10. Der Forderung des Klägers steht auch keine anderweitige Vereinbarung zwischen den Parteien entgegen. Zwar hat unstreitig die Beklagte gegenüber dem Kläger einen kostenlosen Rücktransport gefordert. Ausdrücklich hat der Kläger dieser Forderung der Beklagten niemals zugestimmt. Im Hinblick auf das Fax des Klägers vom 3.8.2005 konnte die Beklagte auch nicht damit rechnen, dass der Kläger den Rücktransport tatsächlich kostenlos durchführte. Wenn sie dann den Kläger mit der Organisation des Rücktransports beauftragte, besteht ein Anspruch des Klägers gem. § 670 BGB.

11. Ersparte Aufwendungen auf Klägerseite, die der Forderung des Klägers entgegen gehalten werden könnten, sind von Beklagtenseite nicht hinreichend substantiiert vorgetragen. Unstreitig ist die Beklagte nach dem Vorfall, obwohl zwischen den Parteien lediglich auf einem Campingplatz vereinbart war, in einem Hotel untergebracht worden.

12. Die Beklagte selbst hat diese Kosten offensichtlich nicht gezahlt. Es ist auch nicht damit zu rechnen, dass diese von der Polizei gezahlt worden sind. Vernünftiger Weise können sie nur von dem Kläger als Reiseveranstalter übernommen worden sein. Im Hinblick hierauf hat der Kläger überobligationsmäßige Leistungen erbracht.

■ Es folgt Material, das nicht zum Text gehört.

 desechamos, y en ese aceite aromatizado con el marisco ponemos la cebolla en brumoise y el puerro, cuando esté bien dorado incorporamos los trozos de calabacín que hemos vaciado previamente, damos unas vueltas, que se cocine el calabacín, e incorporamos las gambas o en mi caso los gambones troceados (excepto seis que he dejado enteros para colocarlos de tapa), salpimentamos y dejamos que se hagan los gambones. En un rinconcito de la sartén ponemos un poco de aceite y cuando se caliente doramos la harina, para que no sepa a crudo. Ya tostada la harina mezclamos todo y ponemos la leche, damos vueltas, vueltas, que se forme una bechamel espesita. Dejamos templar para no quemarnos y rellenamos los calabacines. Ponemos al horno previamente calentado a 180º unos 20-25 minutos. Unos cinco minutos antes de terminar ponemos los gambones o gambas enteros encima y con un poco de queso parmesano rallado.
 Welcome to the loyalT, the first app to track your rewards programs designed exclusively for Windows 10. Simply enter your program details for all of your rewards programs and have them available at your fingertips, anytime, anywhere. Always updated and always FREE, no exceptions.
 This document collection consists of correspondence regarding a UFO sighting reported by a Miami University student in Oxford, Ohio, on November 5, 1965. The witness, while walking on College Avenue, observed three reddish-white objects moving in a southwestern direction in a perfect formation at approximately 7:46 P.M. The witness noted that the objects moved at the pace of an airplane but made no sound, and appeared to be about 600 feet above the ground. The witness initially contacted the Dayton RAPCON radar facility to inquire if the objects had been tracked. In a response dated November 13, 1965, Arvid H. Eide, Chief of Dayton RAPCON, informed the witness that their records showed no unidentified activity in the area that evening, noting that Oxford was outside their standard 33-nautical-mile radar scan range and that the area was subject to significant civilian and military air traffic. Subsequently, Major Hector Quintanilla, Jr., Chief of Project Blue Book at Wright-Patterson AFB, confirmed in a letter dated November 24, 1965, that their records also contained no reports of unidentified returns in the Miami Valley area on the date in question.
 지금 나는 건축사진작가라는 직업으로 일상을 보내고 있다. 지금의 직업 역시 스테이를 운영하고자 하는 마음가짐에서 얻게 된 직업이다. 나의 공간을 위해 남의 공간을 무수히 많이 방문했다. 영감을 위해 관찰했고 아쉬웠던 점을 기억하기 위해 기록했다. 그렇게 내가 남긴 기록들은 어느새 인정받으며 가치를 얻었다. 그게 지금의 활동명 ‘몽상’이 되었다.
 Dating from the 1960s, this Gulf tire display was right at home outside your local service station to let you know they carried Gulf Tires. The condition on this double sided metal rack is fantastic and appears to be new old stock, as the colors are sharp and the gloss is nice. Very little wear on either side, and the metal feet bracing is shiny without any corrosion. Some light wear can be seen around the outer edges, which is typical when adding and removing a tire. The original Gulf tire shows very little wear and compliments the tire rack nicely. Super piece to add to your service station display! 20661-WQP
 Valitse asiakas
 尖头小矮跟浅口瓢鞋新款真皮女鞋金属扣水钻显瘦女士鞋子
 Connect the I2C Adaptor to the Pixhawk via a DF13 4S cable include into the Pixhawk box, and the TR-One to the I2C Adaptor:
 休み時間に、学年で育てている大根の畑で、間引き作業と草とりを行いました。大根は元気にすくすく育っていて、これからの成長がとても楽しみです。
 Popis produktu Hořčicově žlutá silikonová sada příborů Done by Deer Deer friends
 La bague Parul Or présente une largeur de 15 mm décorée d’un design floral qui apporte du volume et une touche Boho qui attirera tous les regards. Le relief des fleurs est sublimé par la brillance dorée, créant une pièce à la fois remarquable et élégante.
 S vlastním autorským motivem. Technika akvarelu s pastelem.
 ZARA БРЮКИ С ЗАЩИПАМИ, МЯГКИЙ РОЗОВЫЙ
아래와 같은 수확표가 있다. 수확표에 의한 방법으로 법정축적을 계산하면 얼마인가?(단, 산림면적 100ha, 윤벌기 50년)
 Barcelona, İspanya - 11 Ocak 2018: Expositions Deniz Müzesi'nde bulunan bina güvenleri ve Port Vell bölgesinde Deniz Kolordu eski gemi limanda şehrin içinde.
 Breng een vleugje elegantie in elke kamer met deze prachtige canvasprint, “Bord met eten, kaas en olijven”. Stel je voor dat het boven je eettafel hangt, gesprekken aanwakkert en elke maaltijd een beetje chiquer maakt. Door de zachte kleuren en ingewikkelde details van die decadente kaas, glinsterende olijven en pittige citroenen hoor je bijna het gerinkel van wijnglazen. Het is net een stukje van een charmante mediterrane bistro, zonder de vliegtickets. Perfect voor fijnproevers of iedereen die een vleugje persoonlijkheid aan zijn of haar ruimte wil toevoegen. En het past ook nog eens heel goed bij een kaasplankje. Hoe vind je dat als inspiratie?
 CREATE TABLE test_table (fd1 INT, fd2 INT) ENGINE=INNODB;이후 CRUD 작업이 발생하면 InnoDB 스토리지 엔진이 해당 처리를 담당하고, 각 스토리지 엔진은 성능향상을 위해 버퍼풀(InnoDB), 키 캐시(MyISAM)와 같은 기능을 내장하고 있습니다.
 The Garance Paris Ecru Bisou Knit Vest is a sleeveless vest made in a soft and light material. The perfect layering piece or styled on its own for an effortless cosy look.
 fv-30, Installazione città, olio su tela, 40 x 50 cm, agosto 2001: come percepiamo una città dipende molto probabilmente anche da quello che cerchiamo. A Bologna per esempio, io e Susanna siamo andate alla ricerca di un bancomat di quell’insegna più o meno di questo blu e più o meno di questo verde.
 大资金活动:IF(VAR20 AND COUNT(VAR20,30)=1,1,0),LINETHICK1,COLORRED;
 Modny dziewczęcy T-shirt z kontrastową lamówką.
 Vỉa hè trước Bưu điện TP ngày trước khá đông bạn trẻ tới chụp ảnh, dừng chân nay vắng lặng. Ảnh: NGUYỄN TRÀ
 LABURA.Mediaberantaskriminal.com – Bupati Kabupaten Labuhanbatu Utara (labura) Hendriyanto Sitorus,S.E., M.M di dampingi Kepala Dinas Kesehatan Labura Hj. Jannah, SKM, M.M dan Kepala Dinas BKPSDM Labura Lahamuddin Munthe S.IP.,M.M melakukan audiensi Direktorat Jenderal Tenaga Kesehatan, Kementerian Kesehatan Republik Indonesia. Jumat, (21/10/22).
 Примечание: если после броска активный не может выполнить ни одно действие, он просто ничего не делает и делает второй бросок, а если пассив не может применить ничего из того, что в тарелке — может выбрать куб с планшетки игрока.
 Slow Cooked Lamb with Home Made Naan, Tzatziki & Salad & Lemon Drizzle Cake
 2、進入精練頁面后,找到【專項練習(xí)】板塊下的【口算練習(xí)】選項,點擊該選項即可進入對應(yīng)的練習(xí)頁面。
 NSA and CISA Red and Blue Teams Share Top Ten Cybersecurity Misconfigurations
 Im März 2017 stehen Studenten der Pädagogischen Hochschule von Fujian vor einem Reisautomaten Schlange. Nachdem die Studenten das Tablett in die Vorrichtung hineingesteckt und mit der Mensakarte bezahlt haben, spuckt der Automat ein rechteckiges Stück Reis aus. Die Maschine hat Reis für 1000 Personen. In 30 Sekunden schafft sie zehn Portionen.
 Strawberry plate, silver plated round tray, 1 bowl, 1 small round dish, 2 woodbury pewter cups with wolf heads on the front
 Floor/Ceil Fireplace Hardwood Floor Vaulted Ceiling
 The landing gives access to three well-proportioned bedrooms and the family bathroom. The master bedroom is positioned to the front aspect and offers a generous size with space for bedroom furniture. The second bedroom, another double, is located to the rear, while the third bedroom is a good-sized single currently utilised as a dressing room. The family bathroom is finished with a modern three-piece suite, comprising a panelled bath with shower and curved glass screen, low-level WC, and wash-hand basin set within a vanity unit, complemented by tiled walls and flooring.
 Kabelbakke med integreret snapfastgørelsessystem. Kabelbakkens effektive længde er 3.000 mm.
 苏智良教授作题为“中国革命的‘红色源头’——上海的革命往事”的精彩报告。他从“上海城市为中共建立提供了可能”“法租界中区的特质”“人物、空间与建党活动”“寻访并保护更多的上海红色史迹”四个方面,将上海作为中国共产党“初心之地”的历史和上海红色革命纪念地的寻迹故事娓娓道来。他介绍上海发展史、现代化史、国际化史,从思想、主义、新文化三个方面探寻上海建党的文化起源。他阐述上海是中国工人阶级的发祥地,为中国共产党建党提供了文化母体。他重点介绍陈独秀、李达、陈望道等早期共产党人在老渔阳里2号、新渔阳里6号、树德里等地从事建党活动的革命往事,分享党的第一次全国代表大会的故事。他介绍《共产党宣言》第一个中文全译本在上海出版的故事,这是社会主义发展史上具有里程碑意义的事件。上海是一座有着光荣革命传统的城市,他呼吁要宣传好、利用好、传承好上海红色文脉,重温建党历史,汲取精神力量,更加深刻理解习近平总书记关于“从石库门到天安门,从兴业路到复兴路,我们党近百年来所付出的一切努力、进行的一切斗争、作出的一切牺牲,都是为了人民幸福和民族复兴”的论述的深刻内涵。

Es ist nicht erkennbar, in wie weit dem Kläger im Hinblick auf diese überobligationsmäßigen Leistungen durch die frühzeitige Beendigung des Reisevertrages Kosten erspart worden sind.

13. Zinsen und geltend gemachte außergerichtliche Anwaltskosten, die der Höhe nach unstreitig sind, sind aus dem Gesichtspunkt des Verzuges gem. § 286, 288 BGB gerechtfertigt.

14. Die prozessualen Nebenentscheidungen folgen aus §§ 91, 708 Ziffer 11, 713 ZPO.